Você está na página 1de 1

Totalitarianism

A state is totalitarian if it permits no *autonomous institutions, i.e. if the aims, activities and membership
of all *associations are subject to the *control of the state. For this to be the case freedom of association
cannot be permitted – and it is significant that the value of this freedom is doubted both by *Hobbes and
by *Rousseau, two thinkers who offer arguments useful to totalitarian government, despite the fact that
totalitarianism, as distinct from *absolutism and *autocracy, is a distinctly twentieth-century invention.
Complete state control of the means of communication is also essential, together with an *ideology (sense
1.); for the sole origin of all legitimation is the state itself, there being no autonomous institutions, such
as church, universities, clubs and societies, through which respect for the civil order can be
independently inculcated. If such institutions exist it is only by permission of the state, and in accordance
with strict instructions from the state. Totalitarianism is not necessarily violent, but it is frequently
argued to be unjust, since it involves encroachment by the state on many *natural rights, and an abolition
of all forms of society that are not coerced from above. This ‘withering away of society’ often takes place
under a rule that promises the *withering away of the state. It is, however, disputed that *collectivization,
or *social ownership, or any other aim of communist and related systems, in itself requires totalitarian
government. Totalitarianism is a matter of degree, and much academic study has been devoted to
distinguishing its sub- varieties. In all versions, however, the fundamental feature is that of central
control, usually through a *party.

Fascism
From Latin: fasces, the bundle of rods with a projecting axe-head, carried before the consuls as a sign of
the state authority of Rome, and adopted as a symbol of social unity (the bundle) under political
leadership (the axe). The name was given by Mussolini to the movement which he led to power in Italy
in 1922, but is now used more widely, to include German *Nazism, and Spanish *falangism, on the basis
more of a common *ethos than a common *doctrine. Fascism is characterized by the following features
(not all of which need be present in any of its recognized instances): *corporatism; *nationalism; hostility
to *democracy, to *egalitarianism, and to the values of liberal *enlightenment; the cult of the *leader, and
admiration for his special qualities; a respect for collective organization, and a love of the symbols
associated with it, such as uniforms, parades and army discipline. In Germany the cult of *violence,
together with a violent *anti-Semitism, were added to these features, with notorious results.
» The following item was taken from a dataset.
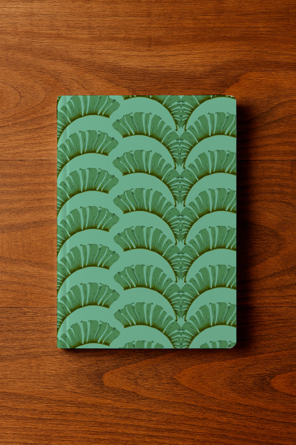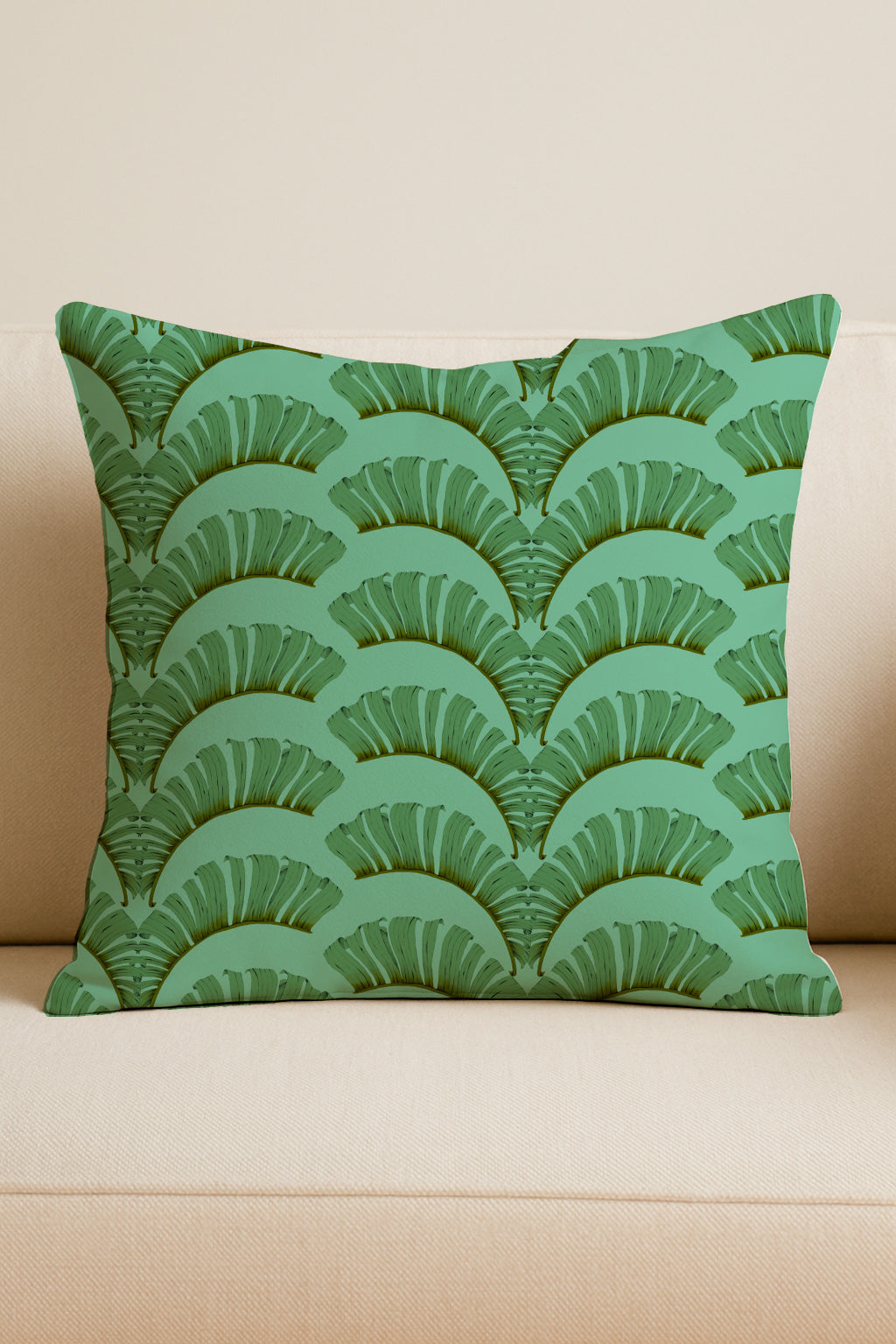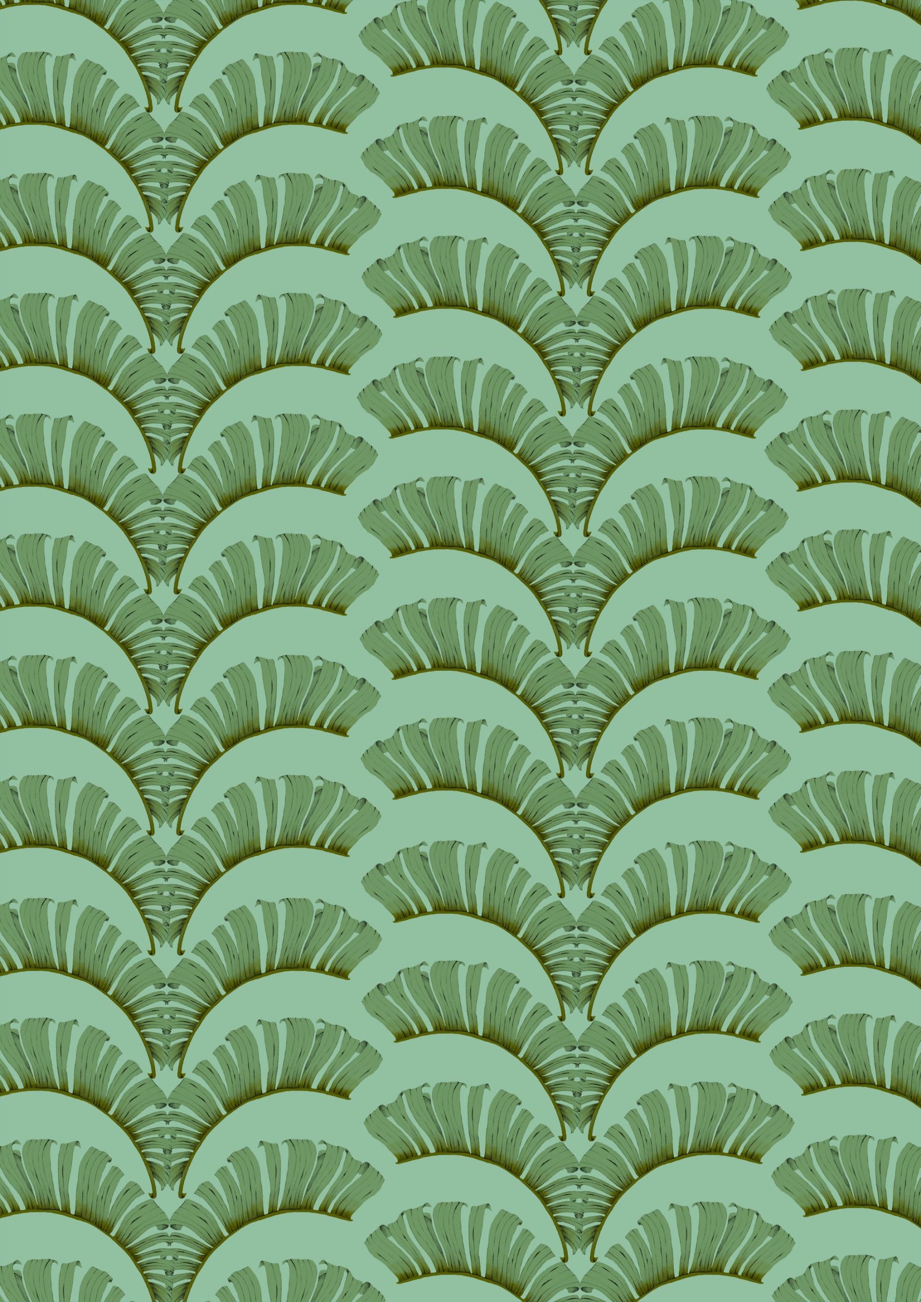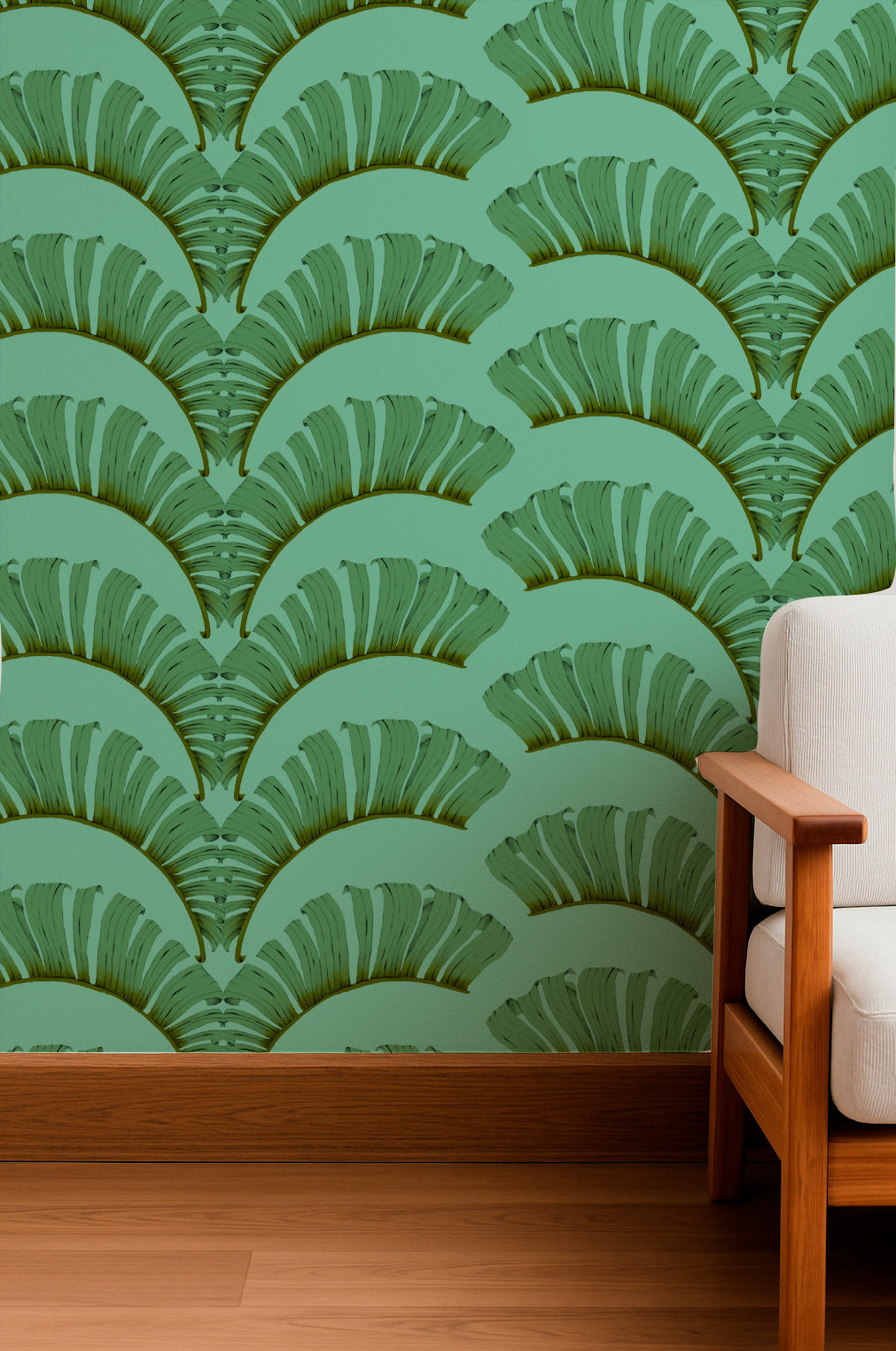 Hojas de palma verdes estilizadas en una disposición geométrica en forma de abanico sobre un fondo verde menta, ofreciendo un motivo fresco y repetitivo.

The *anti-
communist and anti-liberal stance of fascist movements, together with the loathsomeness of many actual
examples, have made the fight against fascism a rallying point for left and liberal causes, so that the label
‘fascist’ may often be applied very loosely, to denote almost any doctrine that conflicts with left-liberal
ideology. In this expletive use the term conveys no very clear idea, a fact which perhaps explains its
popularity. From the intellectual point of view fascism remains an amalgam of disparate conceptions,
often ill-under- stood, often bizarre. It is more notable as a political phenomenon on which diverse
intellectual influences converge than as a distinct idea; as a political phenomenon, one of its most
remarkable features has been the ability to win massive popular support for ideas that are expressly anti-
egalitarian (see *Reich). Mussolini’s own ideas were derived from a heady mixture of popular science,
*Marx, *Sorel and *Nietzsche. He advocated regeneration through conquest and perpetual struggle, and
spoke, in speeches seething with sexual imagery, of the need to overcome degeneracy and impotence, to
make sacrifices for the nation, and to connect to the great ‘dynamo’ of fascism. Fascists are ‘not
republicans, socialists, democrats, conservatives or nationalists. They represent a synthesis of all the
negations and the affirmations.’ In other words, the ultimate doctrine contains little that is specific,
beyond an appeal to energy and action: it is, one might say, the form of an *ideology, but without specific
content (other than can be provided by admiration towards the leader). This perhaps explains some of
its appeal; it seemed to make no demand other than those which the individual himself would make had
he the energy. It then provided the energy.